Could you reproduce, word for word, everything below from the line containing "Pirmdien, 9. februārī, plkst." down to the line containing "На сегодня рынок", with both of those lines included and no others?

§ RECORDS FOR THIS EXERCISE:
▶

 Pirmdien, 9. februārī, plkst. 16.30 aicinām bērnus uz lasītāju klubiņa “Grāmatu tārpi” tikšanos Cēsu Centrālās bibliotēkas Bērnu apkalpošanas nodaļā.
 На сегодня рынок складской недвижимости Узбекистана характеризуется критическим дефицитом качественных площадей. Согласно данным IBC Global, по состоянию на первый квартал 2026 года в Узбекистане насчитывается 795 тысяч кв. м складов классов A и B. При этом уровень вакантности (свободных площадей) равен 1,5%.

◀
▶

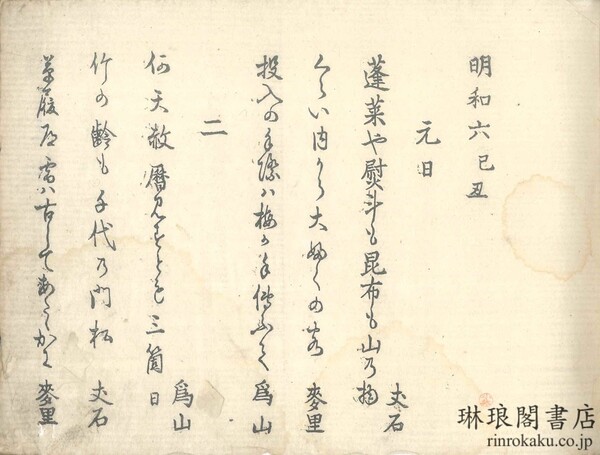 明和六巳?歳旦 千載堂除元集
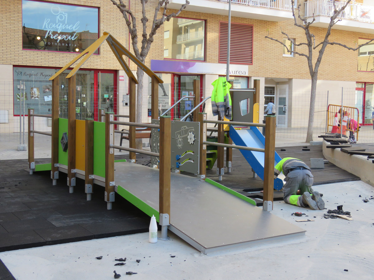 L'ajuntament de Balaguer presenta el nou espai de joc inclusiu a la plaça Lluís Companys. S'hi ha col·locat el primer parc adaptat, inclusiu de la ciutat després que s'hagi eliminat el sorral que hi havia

◀
▶

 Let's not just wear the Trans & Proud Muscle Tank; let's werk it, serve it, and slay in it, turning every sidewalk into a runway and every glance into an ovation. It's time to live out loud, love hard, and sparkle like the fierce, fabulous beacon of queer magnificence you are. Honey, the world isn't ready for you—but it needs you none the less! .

◀

§ TASK SOLUTION:
 Pirmdien, 9. februārī, plkst. 16.30 aicinām bērnus uz lasītāju klubiņa “Grāmatu tārpi” tikšanos Cēsu Centrālās bibliotēkas Bērnu apkalpošanas nodaļā.
 На сегодня рынок складской недвижимости Узбекистана характеризуется критическим дефицитом качественных площадей. Согласно данным IBC Global, по состоянию на первый квартал 2026 года в Узбекистане насчитывается 795 тысяч кв. м складов классов A и B. При этом уровень вакантности (свободных площадей) равен 1,5%.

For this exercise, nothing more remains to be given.